La Tappa: Era una tappa disegnata per i velocisti questa entree di Nizza per la prima delle sue 3 tappe del Tour che sosterà in Costa Azzurra in questi primi giorni di gara.

Pronti via e come da miglior tradizione francese in 3 attaccavano da subito il gruppo. 3 uomini Michael Schär (CCC Team), Fabien Grellier (Total Direct Energie) e Cyril Gautier (B&B Hotels-Vital Concept) diventavano i primi fuggitivi di questa 107esima edizione del Tour. La pioggia rendeva molto più dura e pericolosa la tappa, con molte scivolate sull’asfalto di numerosi ciclisti sulla strada viscida. In tanti toccavano l’asfalto della Costa Azzurra, Quintana, George Bennett, Nizzolo, Colbrelli, Ewan, Porte, Alaphilippe, Sam Bennett, Miguel Angel Lopez e Sivakov di cui bisognerà controllare le condizioni domani prima della partenza della seconda tappa. Il gruppo negli ultimi 50 km rallentava di molto l’andatura dopo un tacito accordo tra i corridori. Negli ultimi 8 km rettilinei della Promenade des Anglais, le squadre dei velocisti rilanciavano l’andatura.
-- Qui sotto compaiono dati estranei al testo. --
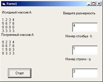 Разработать информационную технологию, позволяющую поменять местами элементы k-го столбца и q-й строки квадратной матрицы А произвольной размерности m×m.
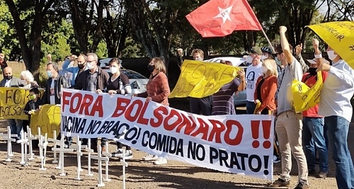 Um grupo de pessoas, a maioria ligadas a partidos de esquerda e a sindicatos de trabalhadores, participou neste sábado de protesto em Campo Mourão contra o governo Bolsonaro. Eles fizeram uma carreata por ruas do "grande Lar Paraná" e se concentram com faixas e cartazes. Entre os pedidos, impeachment. "vacina no braço" e "comida no prato". Manifestações foram marcadas em várias cidades do País.

La caduta finale: Ai 2900 metri dall’arrivo il gruppo di divideva in due dopo una caduta che coinvolgeva tantissimi atleti. Mentre Kristoff vinceva la tappa e diventava la prima maglia gialla, arrivavano attardati fermati dalla caduta, Bernal a 16″ dalla vetta, Quintana a 1’25”, più indietro Pinot, Aru, Valverde, Alaphilippe che usufruivano della neutralizzazione.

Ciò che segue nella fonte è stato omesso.